First Sunday of Lent
Luke 4:1-13
March 10, 2019

I have a good friend who is faced with a serious, life-changing decision. The choice is between two very fine and worthy activities. For many months now, my friend has been struggling to accomplish both and has been doing an excellent job of it. However, both require a good deal of time and effort, and it has come to the point where my friend must let one of the tasks go. The matter has been taken to discernment.

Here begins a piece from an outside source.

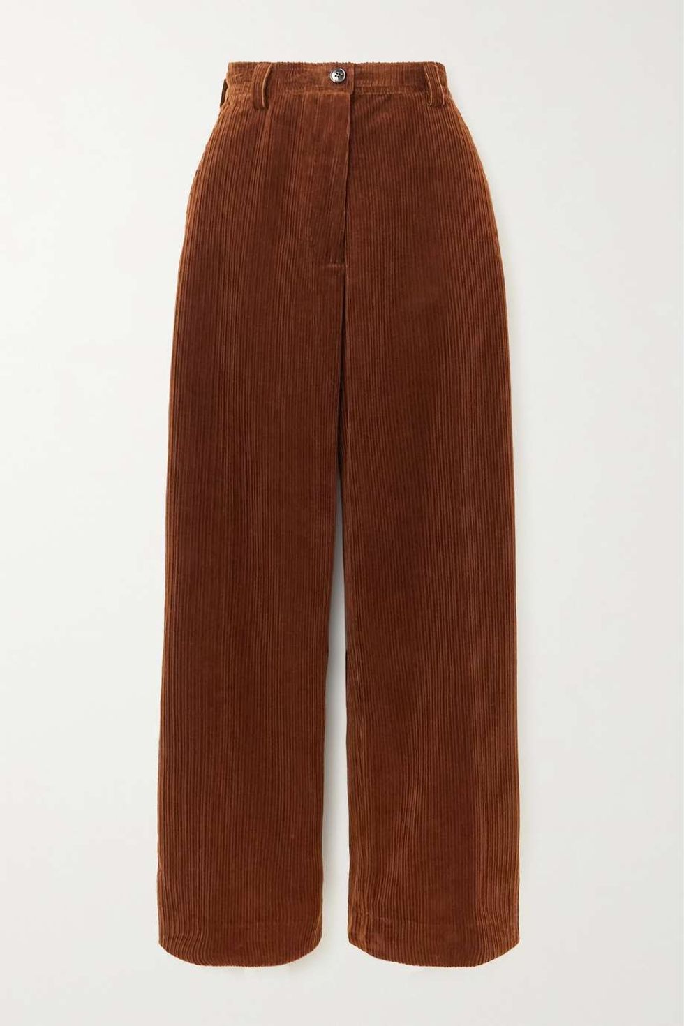 At Loewe, Jonathan Anderson showed a knit quarter zip layered over a stark white button-down. The yummy brown hue of the pants channels the fall season, while the silver flats add a much-needed dash of femininity to the simple ensemble.

For Christians, “discernment” is much more than making a choice based on what promises to be the most profitable or gratifying. Christian discernment involves a process of prayer and reflection. When disciples are faced with serious, life-changing decisions, they invoke the guidance and counsel of The Holy Spirit. Trying to set aside earthly concerns and self-interests, a faithful disciple leans in to hear what God is asking.

The Gospel for this First Sunday in Lent is usually referred to as “The temptation of the Lord in the desert.” Certainly, that is the story. But, when we consider that it was, in fact, The Holy Spirit Who led Jesus into the desert, we can better appreciate how the desert experience is the perfect model for Christian discernment.

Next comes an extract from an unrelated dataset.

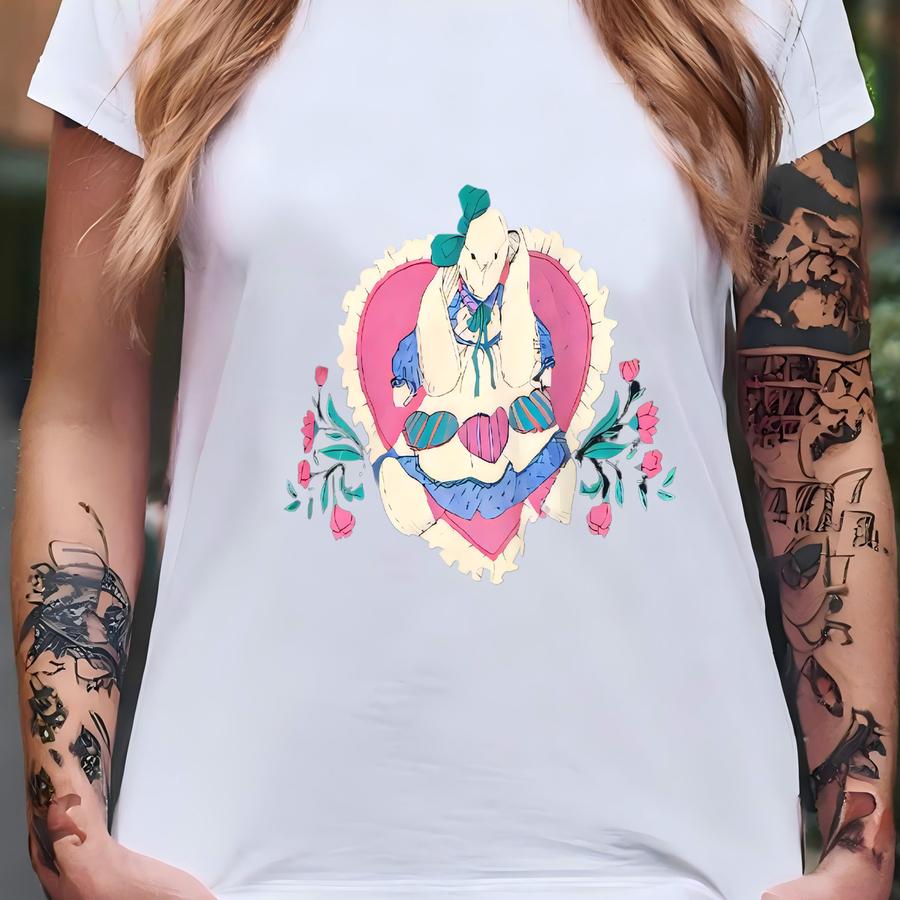 Vintage 90's Rabbit Doll Art Love Sweatshirt Large Bunny Love Flower Artwork Graphic Kitsch Sweater Rabbit Bunny Animal Collared Jumper L T-shirt

For the majority of His earthly life, Jesus was involved in two very fine and worthy activities. The Lord went about the task of living as a fully human person, while, at the same time, being fully Divine. He did an excellent job of balancing His two natures. However, as Jesus emerged from His Baptism in the waters of the Jordan River, He heard “A Voice” from heaven. The words: This is my Son in Whom I am well pleased, were far more than an introduction. The Father was telling The Son that it is time to make a choice. And so, The Holy Spirit led Jesus off by Himself into the quiet of the desert, so that He could lean in and better hear what God was asking of Him.

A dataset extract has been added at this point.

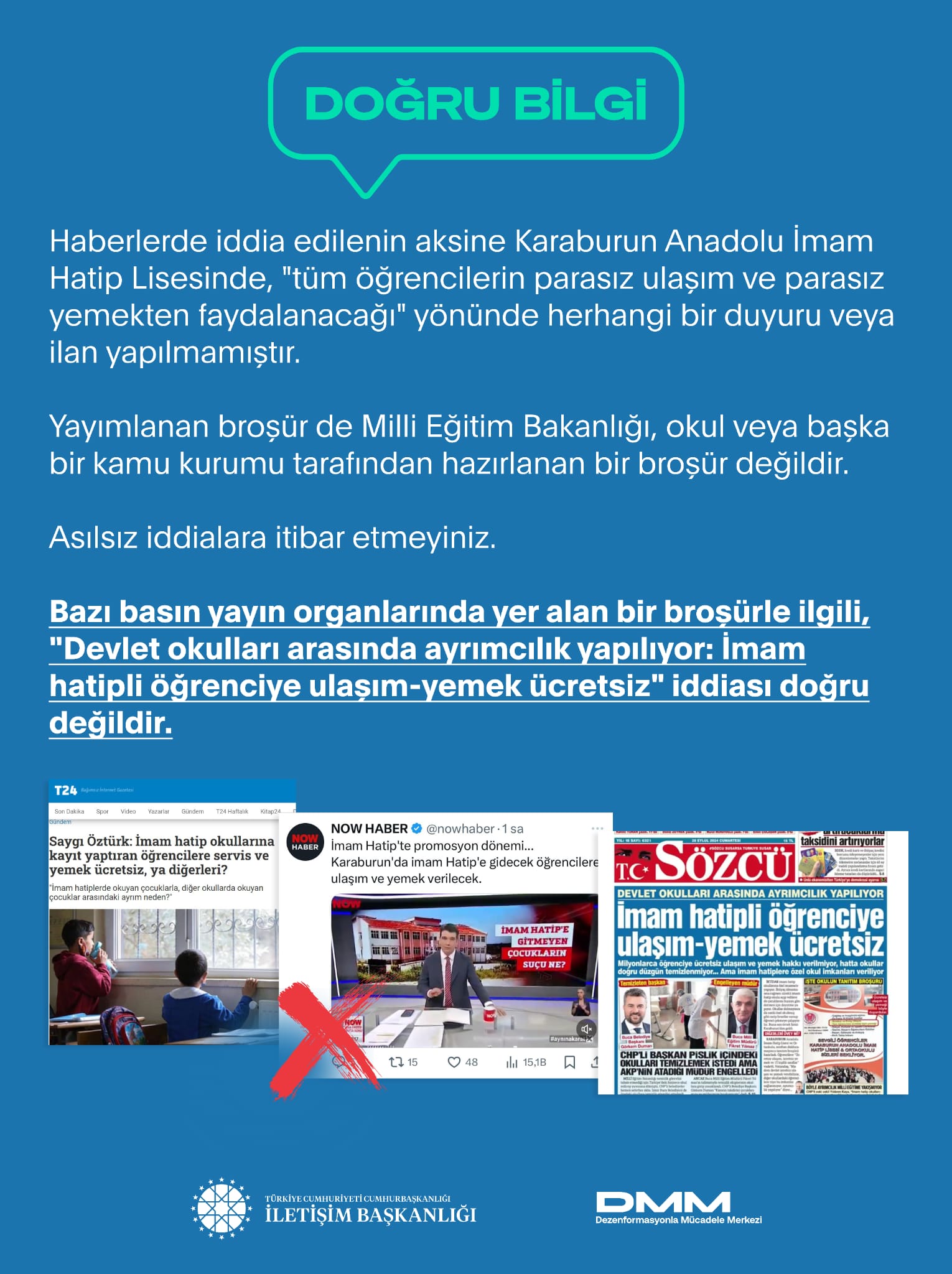Haberlerde iddia edilenin aksine Karaburun Anadolu İmam Hatip Lisesinde, "tüm öğrencilerin parasız ulaşım ve parasız yemekten faydalanacağı" yönünde herhangi bir duyuru veya ilan yapılmamıştır. Yayımlanan broşür de Millî Eğitim Bakanlığı, okul veya başka bir kamu kurumu tarafından hazırlanan bir broşür değildir.

God was asking Him to offer His human Self as the perfect sacrifice in reparation for the sins of the world.

During His time in the desert, Jesus was definitely tempted…and the temptation was to choose the easy way out. In making this life-changing decision, The Lord rejected what held the promise of being the most profitable or gratifying. Jesus’s choice was the most Selfless decision ever made. He chose to die so that we might live forever. He released His human nature so that we might hope to share in His Divine nature.

Lent is a time of discernment. During these 40 days, we are challenged by The Voice from heaven encouraging us to lean in and listen to what God is asking of us. If we follow where the Holy Spirit leads us, we will emerge from these 40 days just a little less human, and a lot more Divine.